Omit the pictures and output exactly the lines from the start of the entries through the line containing "A Mondelēz gyártó".

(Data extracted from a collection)
☆ ☆ ☆ ☆ ☆

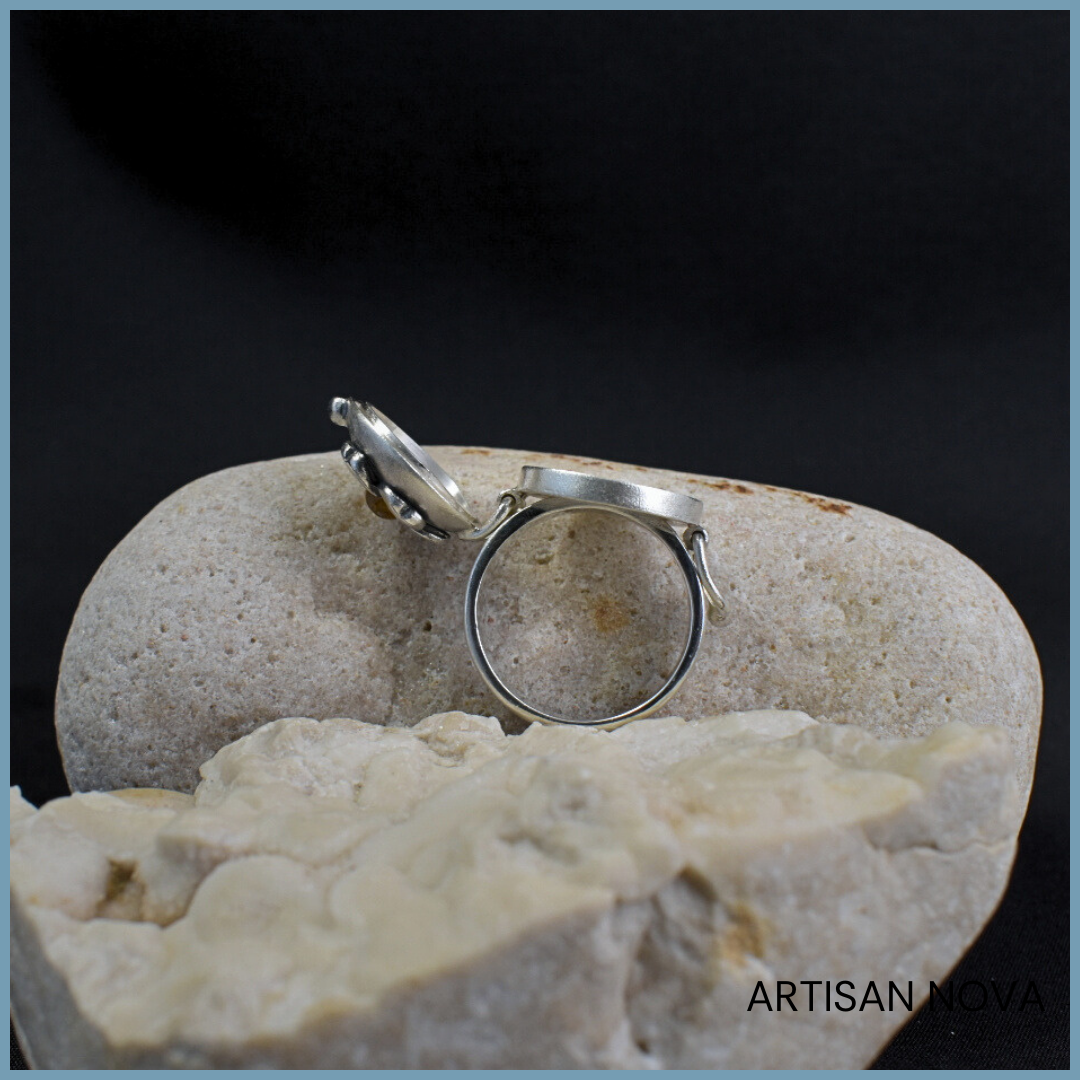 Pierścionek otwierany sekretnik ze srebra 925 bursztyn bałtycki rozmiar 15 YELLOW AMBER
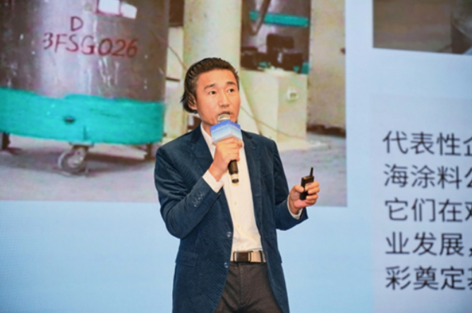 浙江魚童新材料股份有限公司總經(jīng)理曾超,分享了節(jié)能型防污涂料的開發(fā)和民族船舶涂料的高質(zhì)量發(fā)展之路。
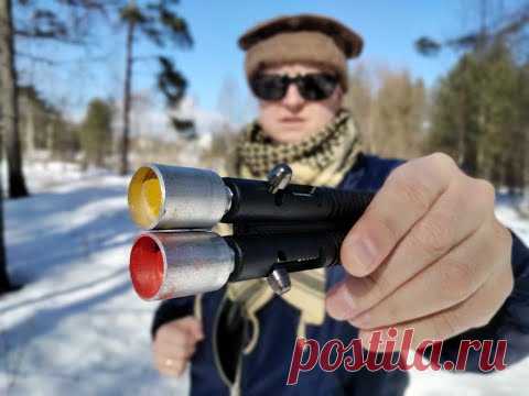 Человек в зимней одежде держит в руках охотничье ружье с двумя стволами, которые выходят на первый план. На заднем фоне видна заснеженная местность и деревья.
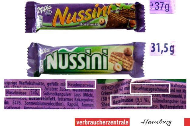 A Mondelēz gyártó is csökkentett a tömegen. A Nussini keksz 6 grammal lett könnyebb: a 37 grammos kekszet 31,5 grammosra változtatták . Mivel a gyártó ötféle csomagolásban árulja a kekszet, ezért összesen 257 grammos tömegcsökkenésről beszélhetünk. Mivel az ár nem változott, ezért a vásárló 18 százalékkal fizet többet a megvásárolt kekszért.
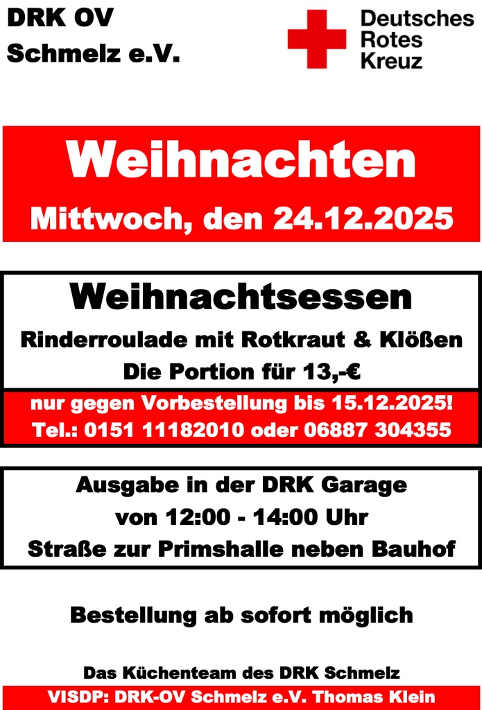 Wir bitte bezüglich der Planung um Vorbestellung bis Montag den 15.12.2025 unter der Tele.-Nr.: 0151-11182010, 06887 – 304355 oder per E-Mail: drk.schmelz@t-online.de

☆ ☆ ☆ ☆ ☆

[Reply]
 Pierścionek otwierany sekretnik ze srebra 925 bursztyn bałtycki rozmiar 15 YELLOW AMBER
 浙江魚童新材料股份有限公司總經(jīng)理曾超,分享了節(jié)能型防污涂料的開發(fā)和民族船舶涂料的高質(zhì)量發(fā)展之路。
 Человек в зимней одежде держит в руках охотничье ружье с двумя стволами, которые выходят на первый план. На заднем фоне видна заснеженная местность и деревья.
 A Mondelēz gyártó is csökkentett a tömegen. A Nussini keksz 6 grammal lett könnyebb: a 37 grammos kekszet 31,5 grammosra változtatták . Mivel a gyártó ötféle csomagolásban árulja a kekszet, ezért összesen 257 grammos tömegcsökkenésről beszélhetünk. Mivel az ár nem változott, ezért a vásárló 18 százalékkal fizet többet a megvásárolt kekszért.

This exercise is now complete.